The ancient settlement of Akai emerged in the 4th century during the early Kofun period as a small settlement of pit dwellings and post-hole buildings by local communities, and continued into the first half of the 7th century. While the pottery excavated is of local origin, there are also small amounts of Onitaka-type Haji ware, the type of which is the Onitaka site in Ichikawa, Chiba in the Kantō region, suggesting inter-regional exchange with the Kantō region. By the mid-7th century, during the Asuka period, Kantō-style Haji ware became the dominant pottery used in the settlements. Large-scale migration from the Kantō region occurred during the period, and settlement was composed of migrants coexisting with the local population. Furthermore, toward the end of the 7th century, settlements began to be surrounded by ditches and wooden walls, forming enclosed settlements, which are thought to be the early stages of fortifications. By the early 8th century, which corresponds to the end of the Asuka period and the beginning of the Nara period, the enclosed settlement was abandoned, and extensive redevelopment of the area took place. In addition to a large canal-like ditch over 200 meters long, a group of large raised buildings (storehouses) were erected at the western edge of the site, and large, post-hole buildings believed to have been the residences of influential figures were constructed in the central area. These are believed to have been the residences of officials, and the site took on the appearance of a standardize kanga government site. However, as of 2024, no remains of the central political building (government office) have been discovered. Additionally, a wooden wall has been found around the edge of the ruins, confirming its function as a fortress.

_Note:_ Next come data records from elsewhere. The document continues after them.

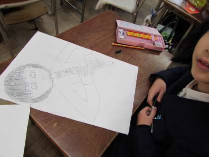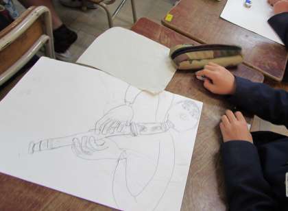 2組は図画工作の学習です。木版画の下絵を描いています。
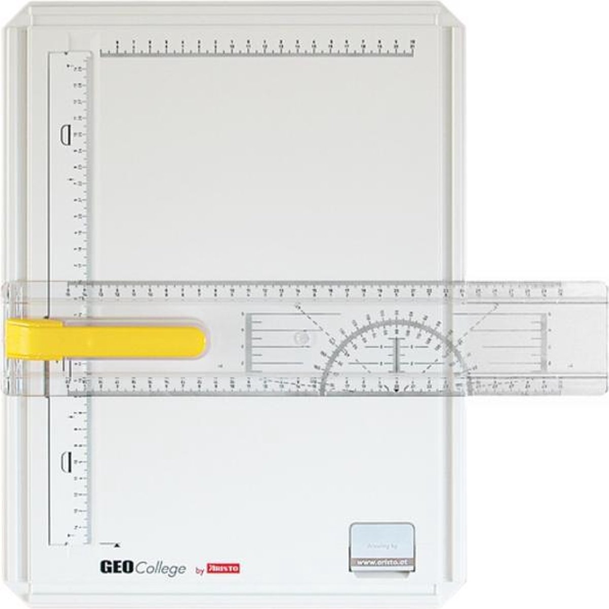 Tekenbord GeoCollege A4. Materiaal: kunststof. Kleur: wit. Te gebruiken voor A4 papierformaat. Uitvoering: schaalaanduiding voor formaat en papiermarkering, met gradenboog, magnetische papierklem met geïntegreerde drukknop en venster voor de juiste uitlijning van het papier. Met extra klem om het papier vast te zetten. Ergonomische greep met drukknop met stop-en-go mechanisme.
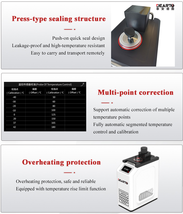 DTS-BG Portable Smart Calibration Bath is a high-precision, self-regulating temperature calibration device. It features excellent stability, a uniform temperature field, and accurate temperature control. Utilizing a fully enclosed compressor refrigeration system and intelligent PID regulation, it achieves automatic temperature control.
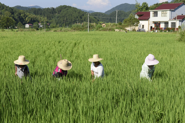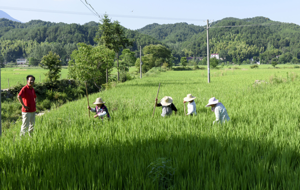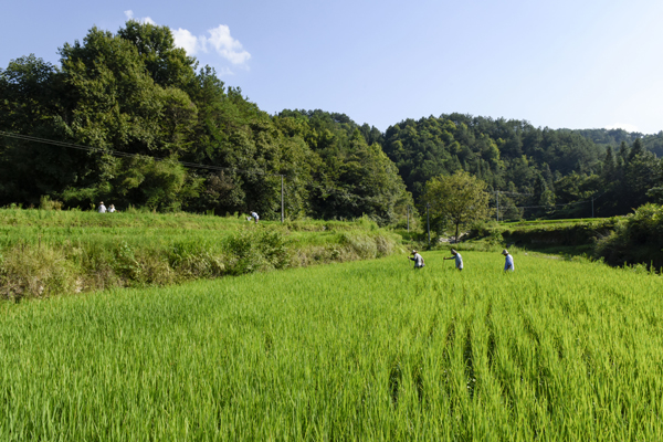 7月23日,余春富董事長和安徽農(nóng)業(yè)大學(xué)專家丁克堅(jiān)教授、李福寶教授專程前往康美來集團(tuán)云湶谷公司大別山長嶺農(nóng)場,觀察高山有機(jī)香稻生長情況,50多位農(nóng)場農(nóng)民工正在稻田里除草,用人工的方法,拔掉每一顆雜草。董事長說,這種原始方法我們雖然人工成本高,但堅(jiān)決不用除草劑,嚴(yán)格按有機(jī)稻標(biāo)準(zhǔn)生產(chǎn)作業(yè)。云湶谷農(nóng)場是康美來會(huì)員自家的農(nóng)場,確保高品質(zhì)生產(chǎn),不打農(nóng)藥,不施化肥,不用除草劑。
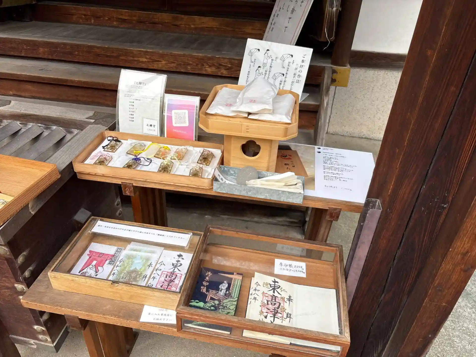 拝殿の前にセルフの授与所があります。御朱印帳もセルフでお受けできます。
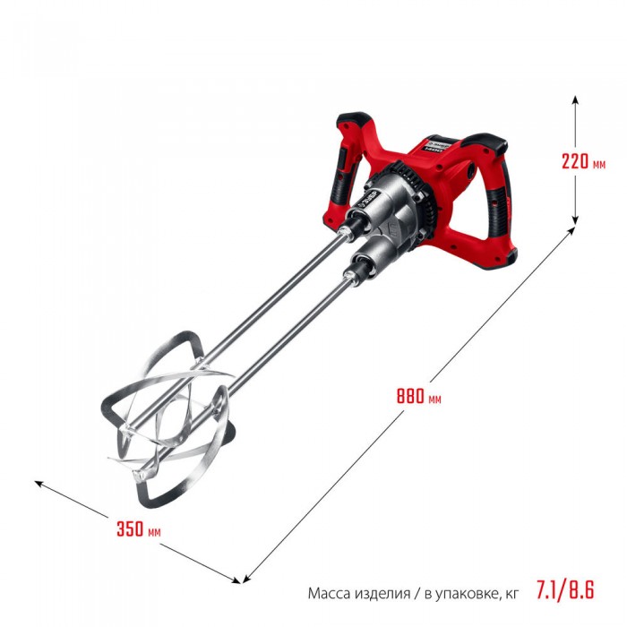 - Мощный двигатель и высокий крутящий момент позволяют размешивать строительные смеси быстро и без перегрузки
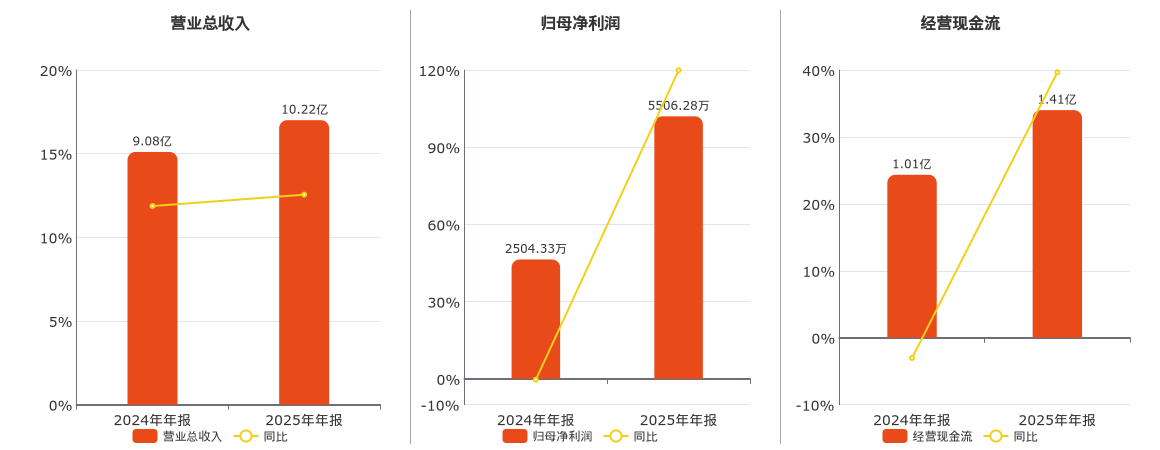 公司营业总收入为10.22亿元,在已披露的同业公司中排名第38。归母净利润为5506.28万元。经营活动现金净流入为1.41亿元。

The entry for April 739 in the Shoku Nihongi mentions the construction of five fortified castles in Mutsu Province: Oshika-saku, Iromashi-saku, Tamazukuri-saku, and Nitta-saku, as well as one other castle of unknown name (the "Tenpyo Five Fortifications"). The Akai ruins are thought to have served as both the Oshika County office and the Oshika-saku. These fortified castles and castles are believed to have been managed by the Michishima clan, descended from the Maruko clan, who were from eastern Kazusa Province. Michishima Shimatari rose to prominence through military exploits during the Fujiwara no Nakamaro Rebellion of 764, frequently appears in the Shoku Nihongi and Nihon Koki, and participated in battles against the Emishi. The buildings were rebuilt and reconstructed despite several fires from the mid-7th century to the early 9th century, a time frame which overlaps with the period in which the Michishima clan's activities are confirmed in these historical documents. However, with the end of the Emishi campaign in the early 9th century, the site fell into decline and fell into disuse, eventually coming to an end.

===Yamoto Yokoaka Kofun cluster===
The Yamoto Yokoaka Kofun cluster is a group of , tunnel tombs in artificial caves, on an east-facing tuff cliff located approximately five kilometers southwest of the Akai Kanga ruins. A total of 113 tombs have been confirmed, spread across a 1.5-kilometer stretch of the slope. Excavations to date have revealed that the chamber structure is very similar to the "kodanshikiyokoanabo" (high-level tunnel tombs) found in the eastern part of the Kazusa region of Chiba Prefecture, and that government office-related artifacts such as a decorated sword, a leather belt used by officials, and pottery with ink inscriptions have been excavated as grave goods. Furthermore, since the period of construction began in the mid-7th century, during the period when large-scale immigrants from the Kantō region settled at the Akai ruins, and ended with the decline of the region in the 9th century, the Yamoto Yokoana is thought to be the burial site of the Michishima clan and other immigrants from eastern Chiba Prefecture who settled there with them.

The Akai Kanga ruins are approximately four kilometers north of Yamoto Station on the JR East Senseki Line.